■ The task: Could you give the data that follows again exactly, without its pictures?

+++ Provided data +++

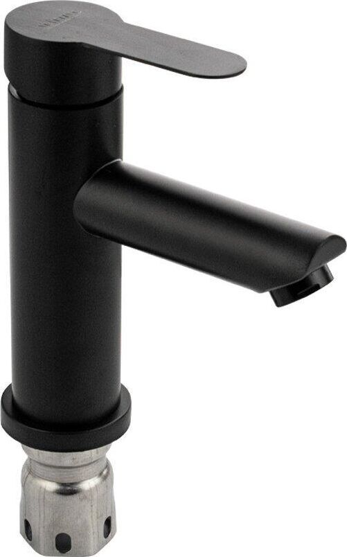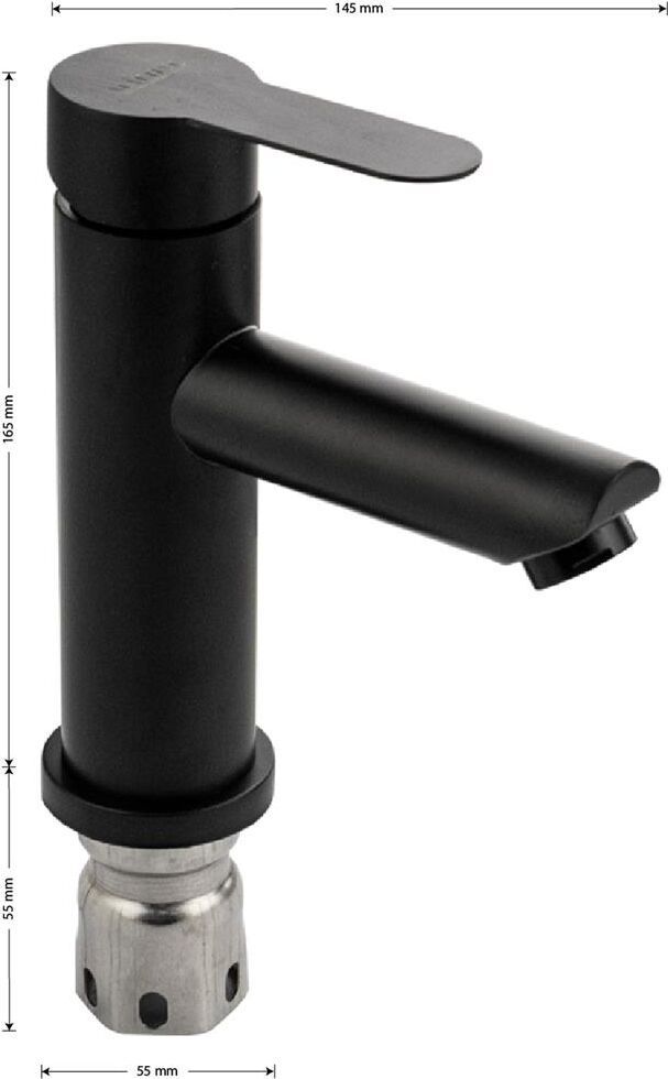 Смеситель для раковины, матовый литой корпус чёрного цвета, из нержавеющей стали марки 304, с коротким литым изливом, литая ручка, шаровый. Крепление резьба - гайка, картридж d = 35 мм. Аэратор для экономии воды. Такая модель может использоваться на домашней кухне, на даче, в медицинских учреждениях и общественных местах. Габаритные размеры: высота 165 мм, длина 145 мм, диаметр посадочного седла 55 мм, длина резьбы 55 мм, длина подводки 450 мм. Вес - 0.9 кг, объём - 0,00235 м3. В комплекте паспорт, корпус, подводка 1/2, крепеж, набор прокладок.
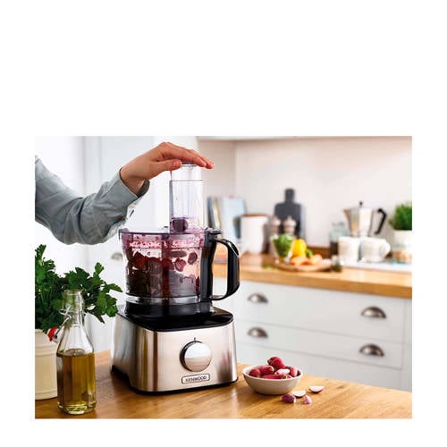 De Kenwood FDM307SS is foodprocessor die door zijn compacte en duurzame design in elke keuken past en dé musthave foodprocessor is voor elke beginnende kok. De FDM307SS is voorzien van een krachtige 800 Watt motor voor optimale prestaties voor al het snij/hak- en raspwerk, 2 snelheden met pulse functie. De foodprocessor is door het interlock mechanisme eenvoudig en veilig in gebruik: de blender en mengkom passen op hetzelfde aandrijfpunt.De FDM307SS wordt geleverd met een 2.1 liter mengkom, diverse accessoires zoals een 1.2 liter glazen blender, een garde, tweezijdige snijschijven (fijn en grof), extra fijne raspschijf, RVS snijmes, deegaccessoire, citruspers, multimolen, sapcentrifuge en snoeropbergmogelijkheid.
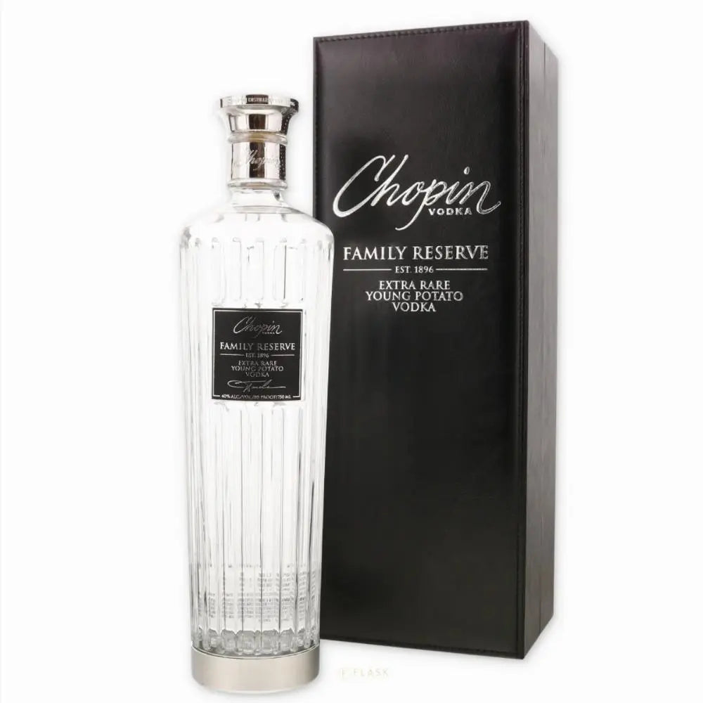 Explore the distinction of Chopin Vodka Family Reserve, the world's first rested, super-premium potato vodka. This exceptional spirit represents a once-in-a-decade discovery from Chopin's estate in Poland. Crafted from the finest potatoes and rested in 50-year-old oak barrels for two years, this remarkable vodka showcases the art of fine distillation at its highest level. With its smooth texture, clean taste, and luxurious flavor profile, Chopin Family Reserve elevates any occasion.
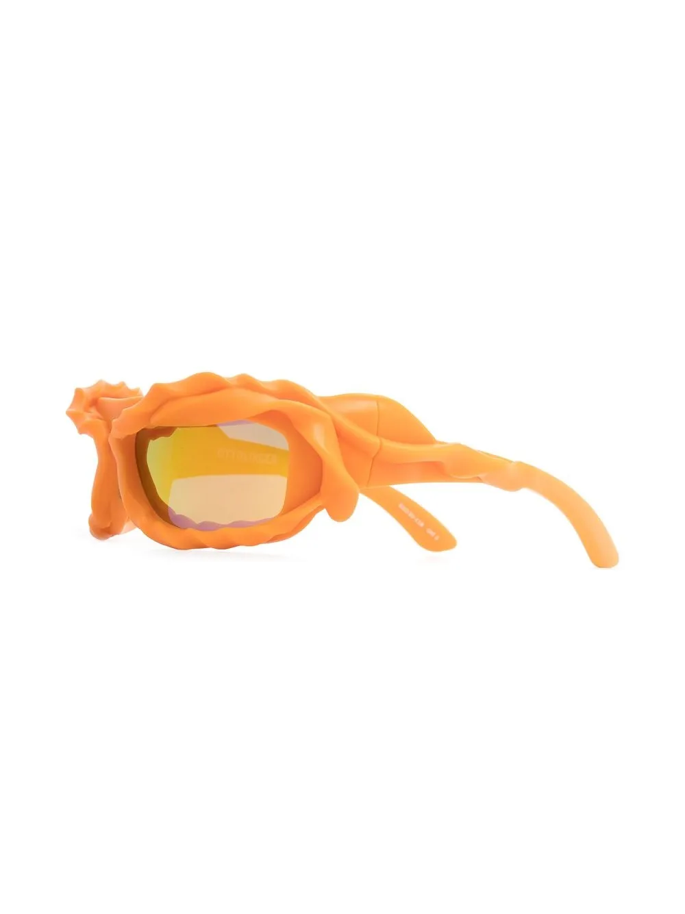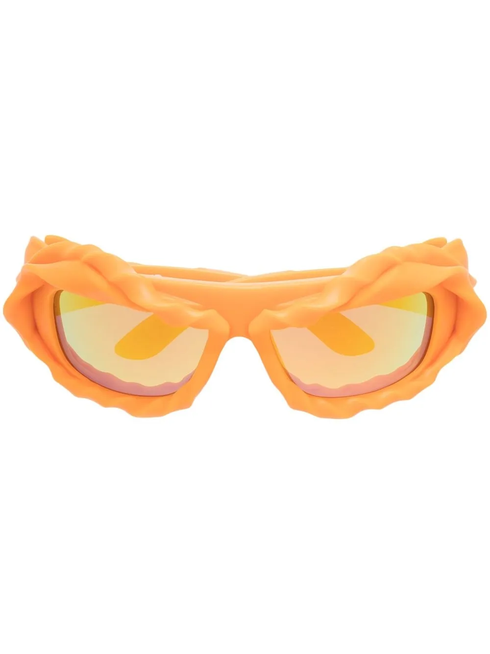 Naranja zanahoria, acetato, detalle retorcido, lentes de color naranja y patillas esculpidas.

+++

■ Result:
 Смеситель для раковины, матовый литой корпус чёрного цвета, из нержавеющей стали марки 304, с коротким литым изливом, литая ручка, шаровый. Крепление резьба - гайка, картридж d = 35 мм. Аэратор для экономии воды. Такая модель может использоваться на домашней кухне, на даче, в медицинских учреждениях и общественных местах. Габаритные размеры: высота 165 мм, длина 145 мм, диаметр посадочного седла 55 мм, длина резьбы 55 мм, длина подводки 450 мм. Вес - 0.9 кг, объём - 0,00235 м3. В комплекте паспорт, корпус, подводка 1/2, крепеж, набор прокладок.
 De Kenwood FDM307SS is foodprocessor die door zijn compacte en duurzame design in elke keuken past en dé musthave foodprocessor is voor elke beginnende kok. De FDM307SS is voorzien van een krachtige 800 Watt motor voor optimale prestaties voor al het snij/hak- en raspwerk, 2 snelheden met pulse functie. De foodprocessor is door het interlock mechanisme eenvoudig en veilig in gebruik: de blender en mengkom passen op hetzelfde aandrijfpunt.De FDM307SS wordt geleverd met een 2.1 liter mengkom, diverse accessoires zoals een 1.2 liter glazen blender, een garde, tweezijdige snijschijven (fijn en grof), extra fijne raspschijf, RVS snijmes, deegaccessoire, citruspers, multimolen, sapcentrifuge en snoeropbergmogelijkheid.
 Explore the distinction of Chopin Vodka Family Reserve, the world's first rested, super-premium potato vodka. This exceptional spirit represents a once-in-a-decade discovery from Chopin's estate in Poland. Crafted from the finest potatoes and rested in 50-year-old oak barrels for two years, this remarkable vodka showcases the art of fine distillation at its highest level. With its smooth texture, clean taste, and luxurious flavor profile, Chopin Family Reserve elevates any occasion.
 Naranja zanahoria, acetato, detalle retorcido, lentes de color naranja y patillas esculpidas.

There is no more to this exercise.